EXERCISE GOAL: Line by line, repeat the material below exactly and skip the images.

DATA BLOCK:
★ ★ ★ ★ ★ ★ ★
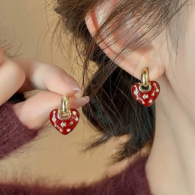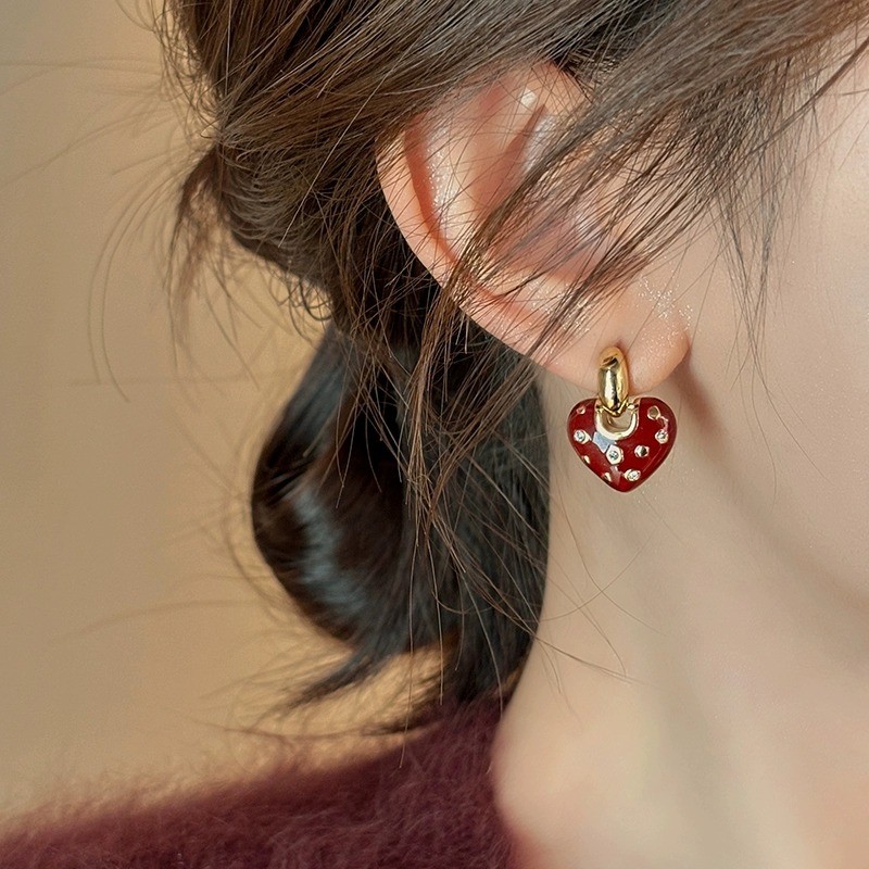 [GG] 925 เงินเข็ม เอ็นคอร์ ต่างหูหัวใจสีแดงเครื่องประดับสุภาพสตรีสไตล์ใหม่
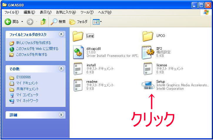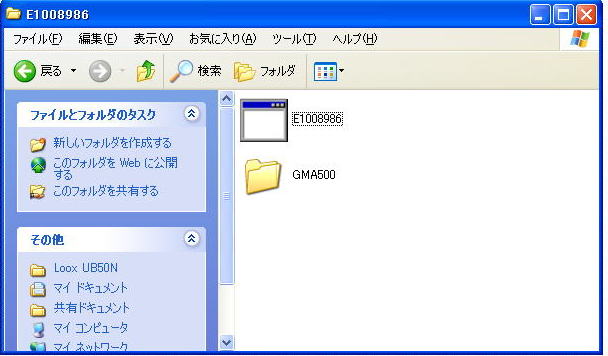 Loox UB50と言うフォルダを作り、その中に順番をつけた20個以上のフォルダを作ります。 たとえば、インテル GMA500 ディスプレイドライバであれば、二番目のインストールである「2.E1008986」と言う名前のフォルダを作り、その中にE1008986のドライバーを入れます。左写真そのドライバー をクリックしますと、自動的に解凍されて次の写真の様になります。
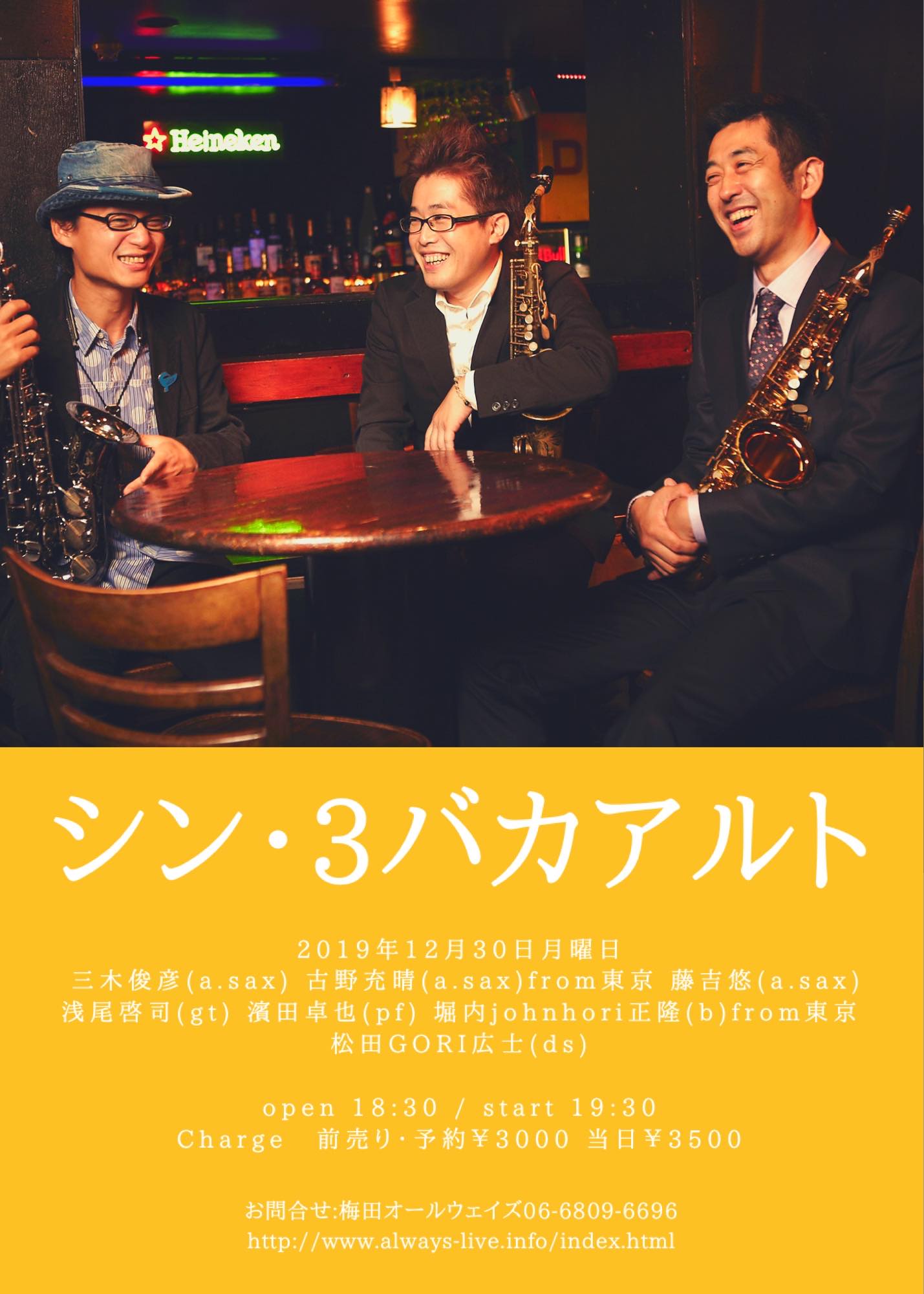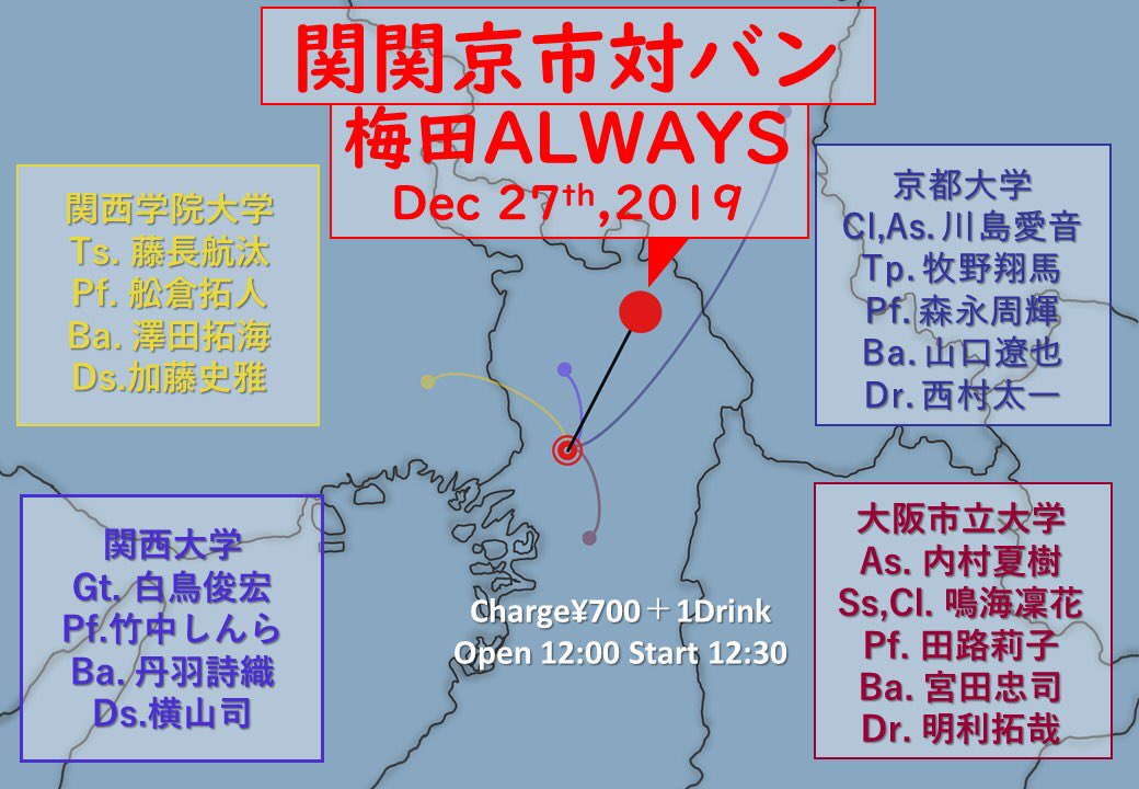 酒井康充(sax) 藤野恒二(gt) 大嶺泰史(ba) 上田高史(ds)
★ ★ ★ ★ ★ ★ ★
OUTPUT FOR THIS EXERCISE:
 [GG] 925 เงินเข็ม เอ็นคอร์ ต่างหูหัวใจสีแดงเครื่องประดับสุภาพสตรีสไตล์ใหม่
 Loox UB50と言うフォルダを作り、その中に順番をつけた20個以上のフォルダを作ります。 たとえば、インテル GMA500 ディスプレイドライバであれば、二番目のインストールである「2.E1008986」と言う名前のフォルダを作り、その中にE1008986のドライバーを入れます。左写真そのドライバー をクリックしますと、自動的に解凍されて次の写真の様になります。
 酒井康充(sax) 藤野恒二(gt) 大嶺泰史(ba) 上田高史(ds)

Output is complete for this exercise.